- [RECORDS FOR THIS TASK]:
Start of Block
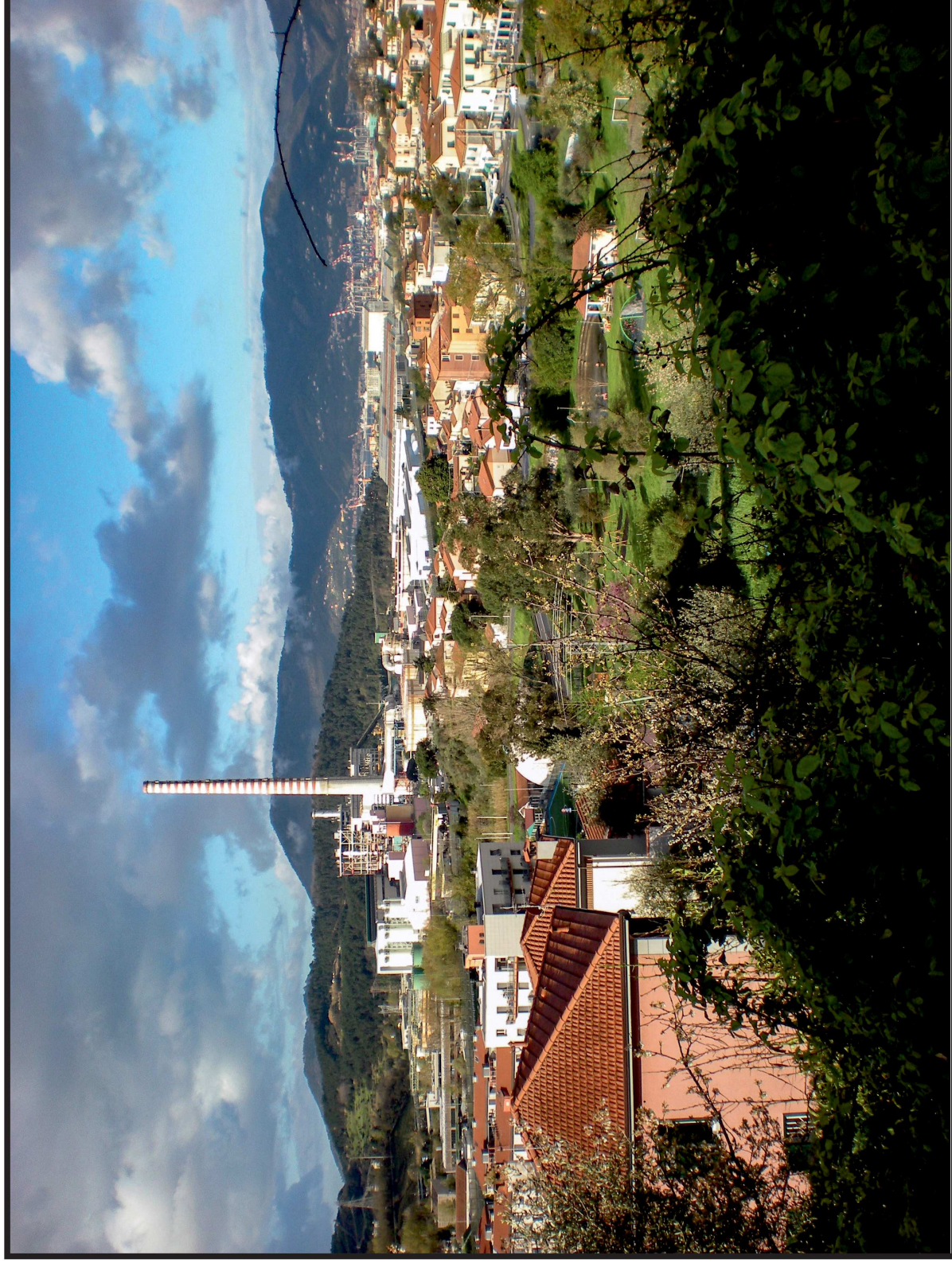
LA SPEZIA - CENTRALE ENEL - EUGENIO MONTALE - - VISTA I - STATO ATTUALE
End of Block
Start of Block
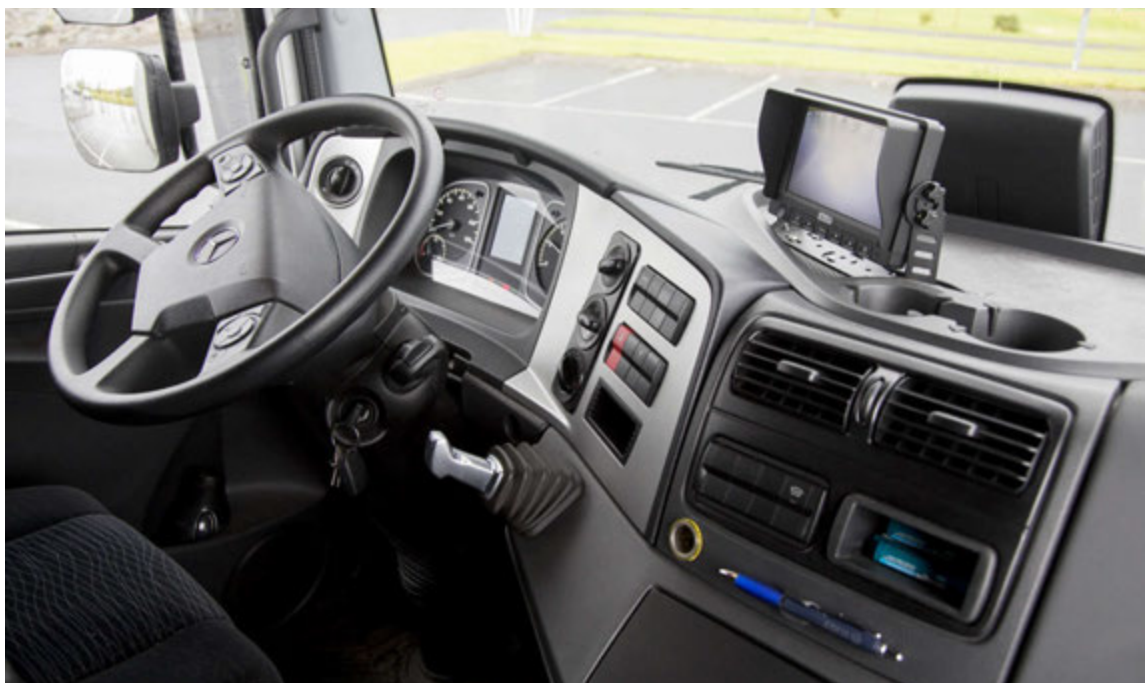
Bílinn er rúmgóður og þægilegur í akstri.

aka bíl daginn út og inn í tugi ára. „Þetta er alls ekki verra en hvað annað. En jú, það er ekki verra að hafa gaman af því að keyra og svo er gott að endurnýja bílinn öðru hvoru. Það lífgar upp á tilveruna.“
End of Block
- [GOAL OF THE EXERCISE]:
Retype only this portion of the data above: the line containing "Bílinn er rúmgóður og þægilegur í akstri.", the line containing "aka bíl daginn", and all lines between them, exactly.

- [OUTPUT FOR THIS EXERCISE]:
Bílinn er rúmgóður og þægilegur í akstri.

aka bíl daginn út og inn í tugi ára. „Þetta er alls ekki verra en hvað annað. En jú, það er ekki verra að hafa gaman af því að keyra og svo er gott að endurnýja bílinn öðru hvoru. Það lífgar upp á tilveruna.“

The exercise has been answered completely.